Abstracts

Alzheimer’s Disease (AD) is characterized by cognitive decline, amyloid plaques, and neurofibrillary tangles. AD is also associated with increased incidence of epileptiform activity and seizures. However, not all individuals with AD exhibit seizures, but those that do experience faster cognitive decline. Therefore, understanding the mechanisms that underlie resilience or susceptibility to development of epilepsy in AD could lead to novel therapies to prevent epilepsy in AD and improve cognitive outcomes.

Transgenic mouse models of AD neuropathology also exhibit differential susceptibility to development of epilepsy. We studied mice that express mutant human amyloid precursor protein (APP, Line J20). While all APP mice display similar epileptiform spikes and seizure activity at early ages, a distinct phenotypic divergence occurs at later ages. This divergence is driven by a subset of “resilient” mice that stop exhibiting epileptiform activity and seizures, and exhibit normal spatial memory, whereas the remaining mice are “susceptible” and continue exhibiting epileptiform activity and impaired spatial memory. Investigating the mechanisms that drive phenotypic divergence could reveal novel therapeutic strategies to control or prevent epilepsy in AD.

We used hippocampal expression of ΔFosB as a proxy for seizure activity in APP mice. ΔFosB is an activity-dependent transcription factor that accumulates in chronically active neurons, which we previously published is a reliable marker of seizure history in APP mice. This enabled us to categorize APP mice as resilient (low ΔFosB) or susceptible (high ΔFosB) to hyperexcitability. We also characterized spatial memory. We performed RNA-sequencing of the dentate gyrus in resilient and susceptible APP mice, and in nontransgenic (NTG) controls. Differential gene expression and gene ontology analyses highlighted genetic pathways exclusively differentially regulated in resilient or susceptible APP mice.

Susceptible APP mice with high ΔFosB exhibited the highest number of differentially expressed genes (DEGs) relative to NTG controls, and these DEGs were enriched in pathways related to neuronal activity, cellular stress, and inflammation. Resilient APP mice with low ΔFosB exhibited much fewer DEGs relative to NTG controls. Some pathways implicated in resilience include oxytocin signaling and other genes that support interneuron activity.

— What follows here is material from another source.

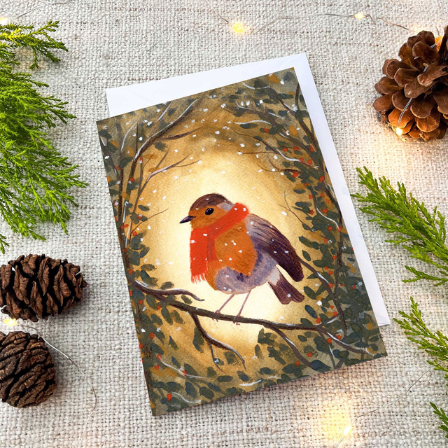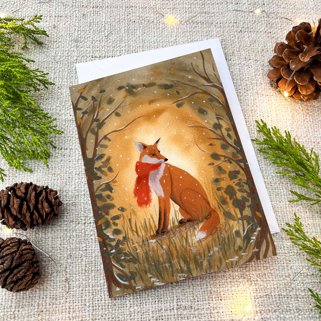 Bring a touch of rustic charm and original art to your holiday greetings with this exquisite set of three Christmas cards. Featuring beautiful hand-painted gouache artwork of beloved woodland animals (Fox, Robin, and Fawn) against a serene winter forest backdrop. These high-quality cards are designed to be framed as miniature art prints.

Like patients with AD, individual APP mice have differential susceptibility to developing epilepsy. Resilient APP mice have reduced epileptiform activity and intact spatial memory whereas susceptible APP mice continue to exhibit epileptiform activity and impaired spatial memory. RNA-sequencing of the dentate gyrus revealed pathways specifically altered in either epilepsy-susceptible or epilepsy-resilient APP mice. These results provide a rich dataset for probing the pathways that influence resilience versus susceptibility to seizures in AD.

Supported by NIH grants AG085919 (CS), NS085171 and NS086965 (JC), and the Belfer Neurodegeneration Consortium at MDACC.